なとりさんが自殺を試みた。
幸い命に別状はなく、足の骨折も後遺症は残らないそうだが、彼女の精神状態はすこぶる最悪だった。


なとりさんがやつれているのはこの前あったときに見て取れたが、どうやら私の見立てよりも彼女の心の裡は悲鳴を上げていたらしかった。
それもそのはずだろう。たまさんともちさんを他ならぬ自分自身が意図せず追い込んでしまっていたのだから。
加えてやりたいことをやれないストレス、周囲からの視線や批判。そして何より、“あの二人”が今この瞬間幸せそうに過ごしているという事実。

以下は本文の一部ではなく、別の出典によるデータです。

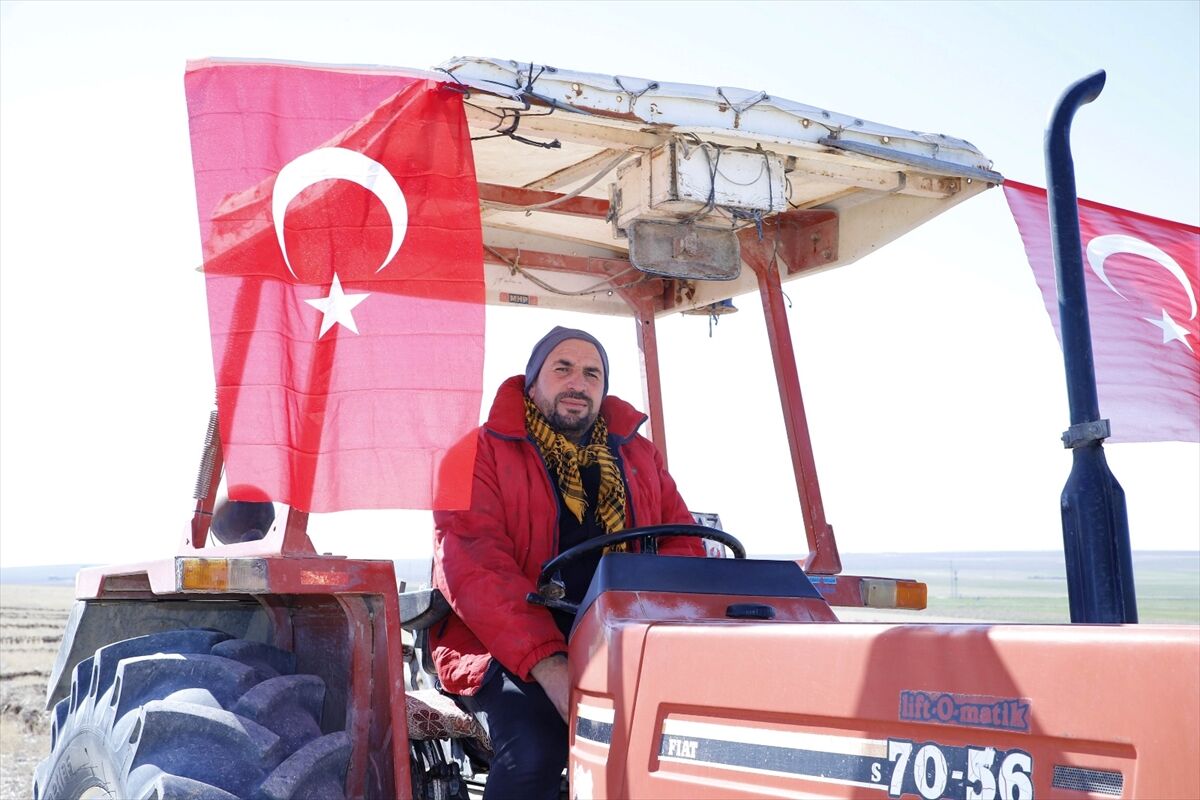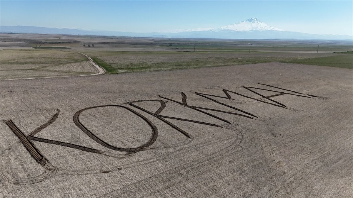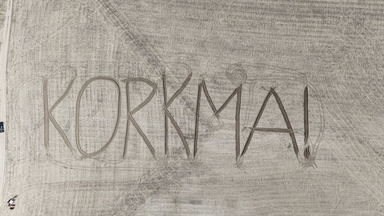 Filikçi, 20 dekarlık tarlasına traktörün pulluğuyla toprakta iz bırakarak "Korkma" yazdı. Çiftçinin yazdığı "Korkma" yazısı dronla görüntülendi.

「あまり気負いすぎない方がいいですよ…なとりさんは悪くないんですから」


「…………はい」


「何か果物でも食べますか。といっても私は皮を剥くのは得意じゃないのでみかんかバナナの二択ですが」


「……はい」


私がたびたび様子を見にくるようになって三週間が経つが、彼女の空返事は未だ健在だった。
黒く凛としていた目は今や虚ろで眼窩から零れ落ちてしまいそうで、健康的な手足もすっかり筋張っていた。


────見ていられない。


居た堪れなくなって思わず病室を後にすると、メッセージの受信を知らせるバイブ音がした。
スマホのロック画面を開きメッセージを確認する。


いくみさんお久しぶり!
なとりんと最近連絡取れないんだけど機種変とかしたのかな?
何か聞いてない?


私は物事を切り離して考える癖がある。辛い出来事があっても感情と分けて考えられる。
そう自負していたし、事実今まではそう出来ていた。
けれど元同僚のその子のメッセージを見た途端、私の中にどうすることもできないどす黒い感情が湧き立った。

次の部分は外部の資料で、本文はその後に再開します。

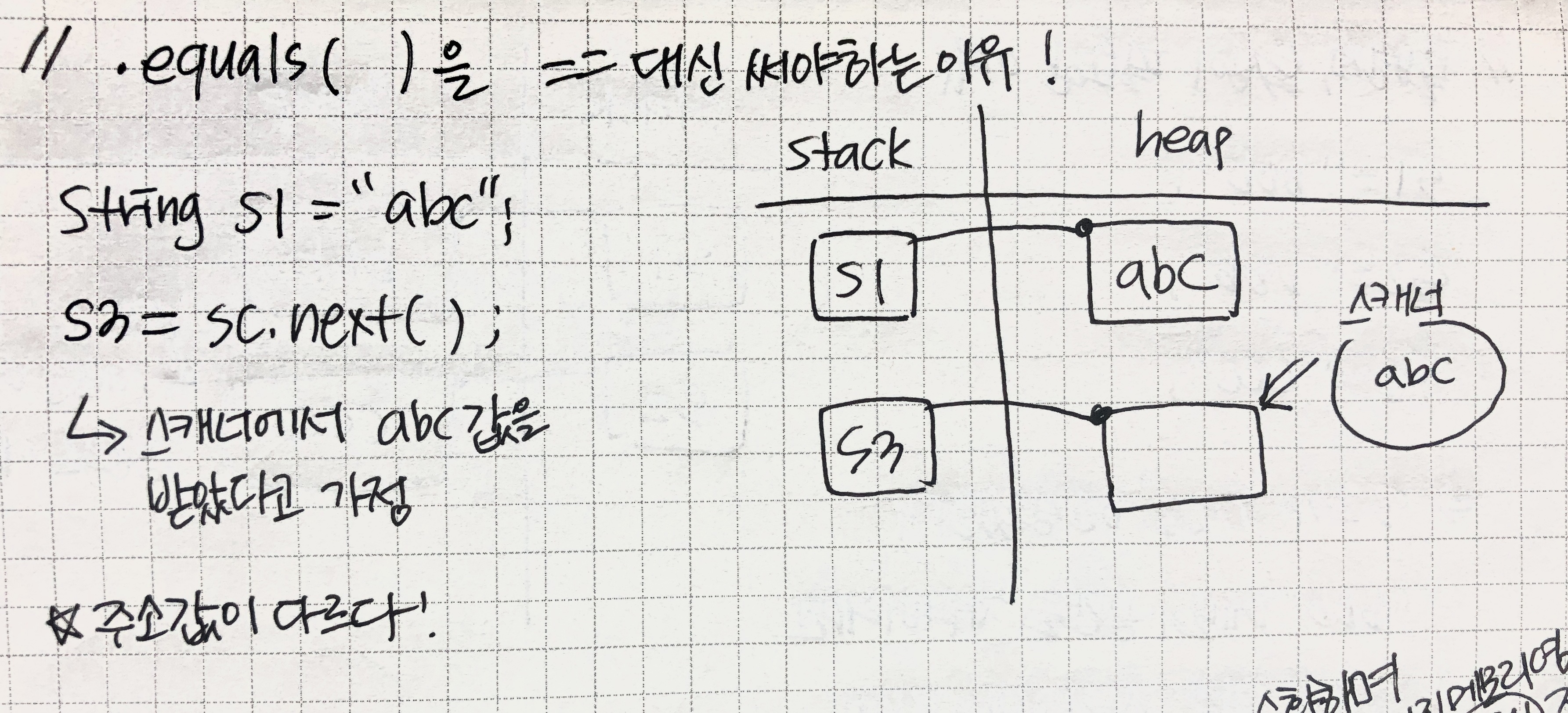 명시적으로 객체를 생성시 우리 눈에 값이 같아보여도 각각 다른 heap메모리에 저장되기때문에 주소값이 다르다!
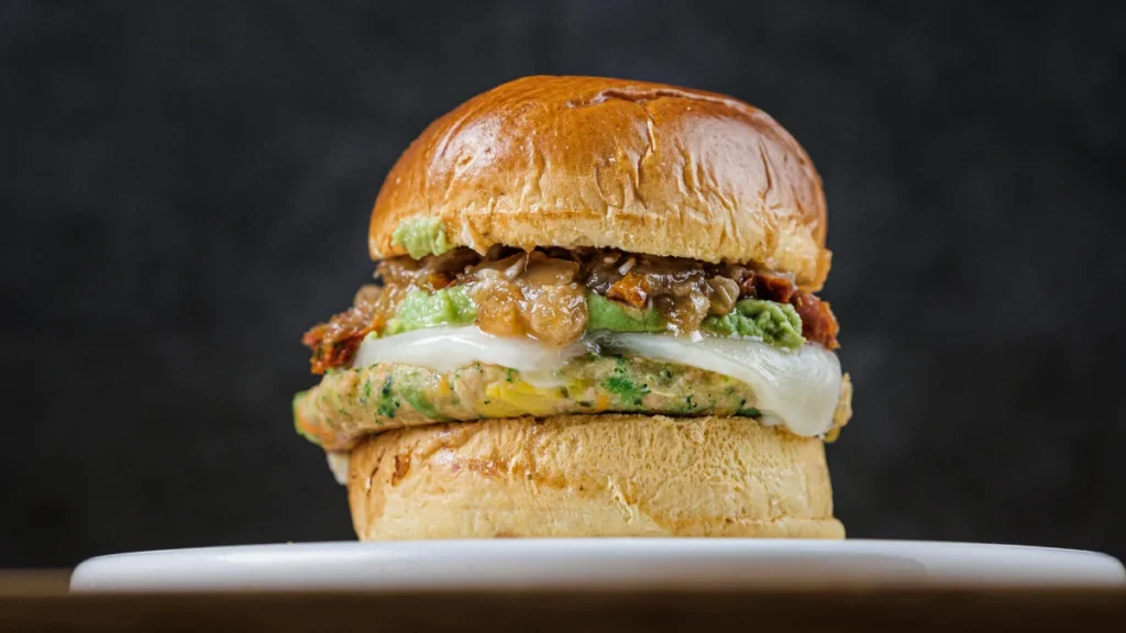 Burger vegetal con cebolla caramelizada, aguacate y queso de Agour, aderezada con una salsa Alioli que resalta todos sus sabores.
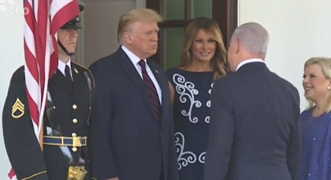وصول رئيس حكومة الاحتلال الإسرائيلي بنيامين نتنياهو وقرينته سارة إلى البيت الأبيض، حيث كان في استقبالهما الرئيس الأميركي دونالد ترامب وزوجته ميلانيا
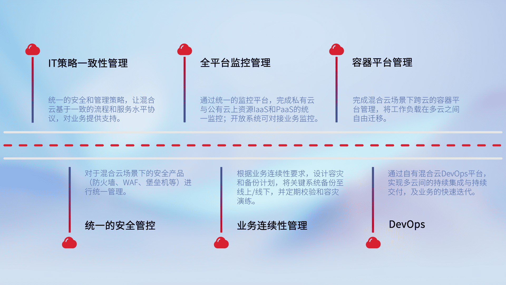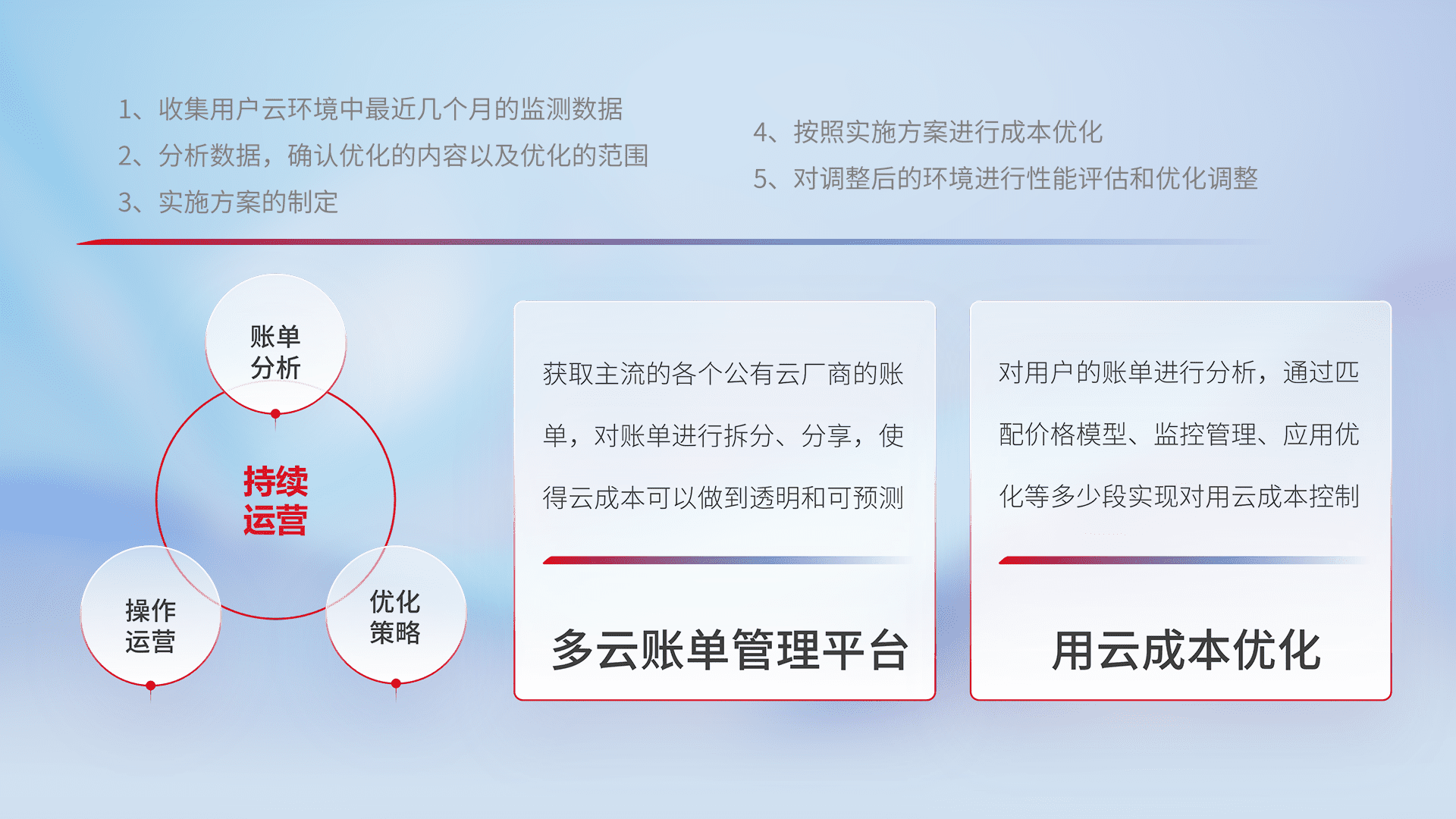 通过多云纳管,,,以统一的资源数据模型把客户的云资源进行抽象和封装,,,进而实现对多云资源的统一操作,,,,保障云资源管理的可靠性、、、、稳定性与可用性。。量身定制化运维内容,,,配置、、、开发运维、、、补丁管理、、、、备份、、监控、、、认证和访问管理、、审计和日常巡检等,,,,保障在用云过程中的可靠度,,,稳定度以及高可用率。。。
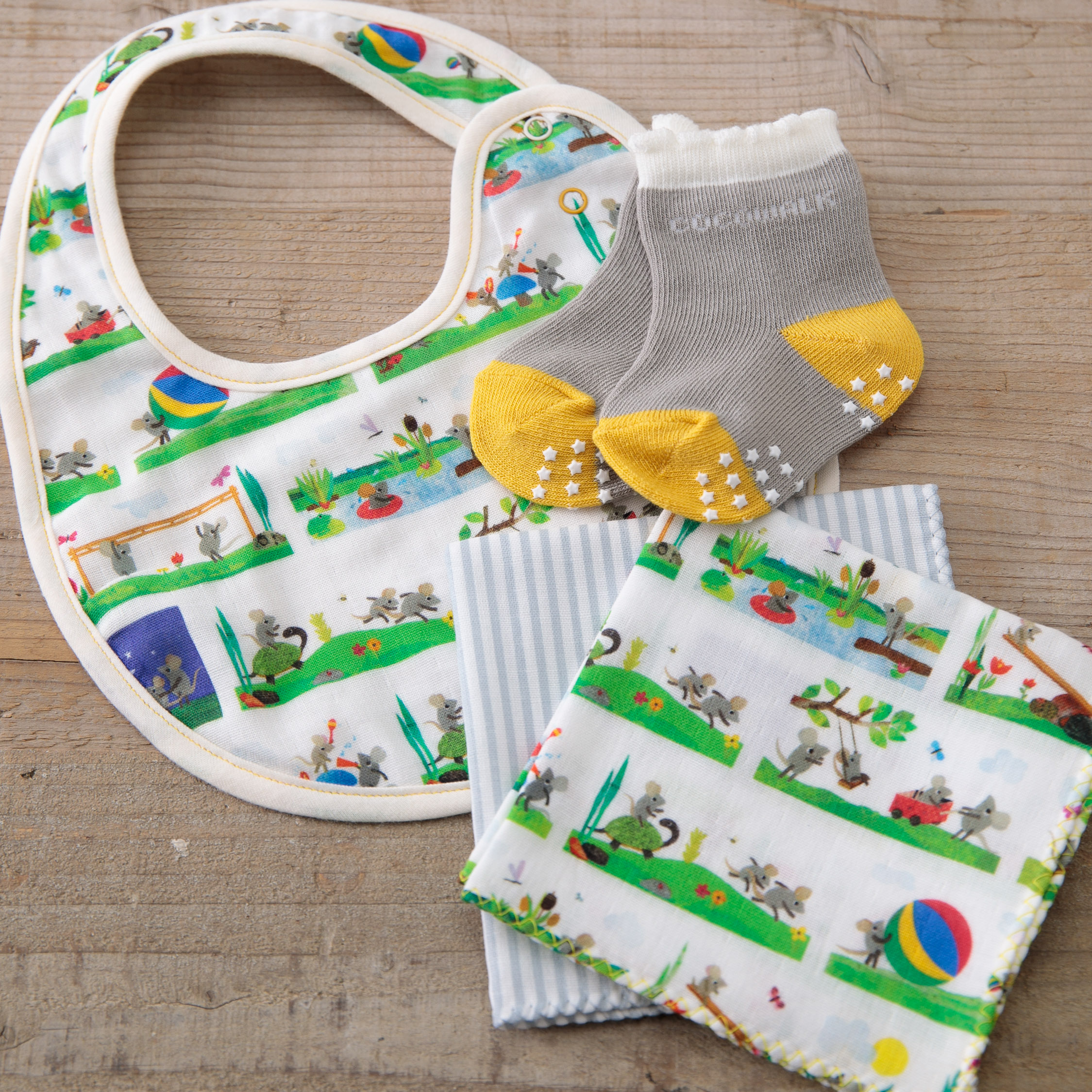 | 素材/繊維 | スタイ:綿100% ハンカチ:綿100% ソックス:綿56%、アクリル24%、ナイロン15%、ポリウレタン2% |

────あなたが遊び呆けている間、なとりさんがどんな気持ちだったか。


お門違いな怒りかもしれない。逆恨みかもしれない。
ただ呆然とその場に立ち尽くす私の体とは裏腹に、指先は慣れた手つきで早々とスマホの画面を叩く。


なとりさんなら亡くなられましたよ。
飛び降り自殺ですって。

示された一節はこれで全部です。